The dam is designed to buffer against sudden upstream releases while also generating power and strengthening India’s case for “prior-use” rights under customary principles of international water law. Progress has, however, been slow.

The Centre and the Arunachal Pradesh government are running a livelihood and outreach programme to win over the Adi and Galo tribal communities, who remain wary of displacement, ahead of even finalising the dam site.

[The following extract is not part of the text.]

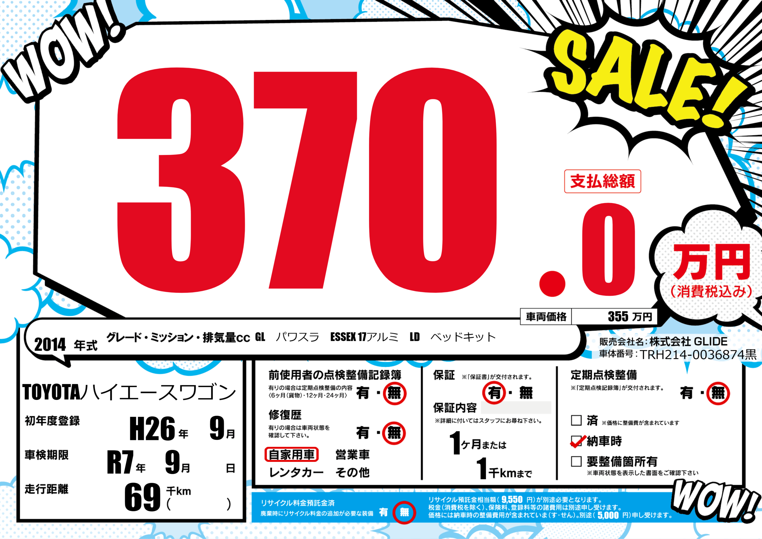| 車名 | TOYOTAハイエースワゴン | グレード ミッション 排気量 |

On the diplomatic front, India has pressed for the resumption and modernisation of hydrological data-sharing through the bilateral expert-level mechanism (ELM) on trans-border rivers, first established in 2006. Analysts have called for new monitoring stations to be established closer to the Great Bend itself – around Mêdog and Gompo Ne – since existing stations further upstream capture only a fraction of the flow relevant to Indian planning.

The scheduling of India’s own BRICS presidency this year, followed by China’s in 2027 and the third UN Water Conference in December 2026, offers a diplomatic window. It could help anchor water cooperation within a wider multilateral process rather than leave it to sporadic bilateral gestures.

The external affairs minister, S Jaishankar, has previously raised the issue directly with his Chinese counterparts, urging both transparency on the dam’s construction and a firm timeline for restoring data-sharing.

Beyond the Brahmaputra basin itself, India has also revived plans to interlink rivers as a buffer against any future upstream disruption. These include the proposed Manas-Sankosh-Teesta-Ganga link and the Jogighopa-Teesta-Farakka link, both intended to diversify the northeast’s water dependence beyond a single transboundary source.

Independent satellite monitoring, through India’s own remote-sensing assets, offers a further hedge, allowing New Delhi to track reservoir levels at the Great Bend even without Chinese cooperation. Finally, coordinating more closely with Bangladesh, which shares India’s downstream vulnerability on the same river system, would give New Delhi a stronger collective voice.

Such coordination could help press Beijing towards a rules-based, transparent basin framework rather than the ad hoc arrangement that has prevailed for two decades.

Gao’s remarks may or may not carry Beijing’s formal blessing. But they serve as a reminder that India’s upstream leverage on the Indus is mirrored, uncomfortably, by its downstream vulnerability on the Brahmaputra – and that closing that gap will take sustained investment in storage, data and diplomacy, not rhetoric alone.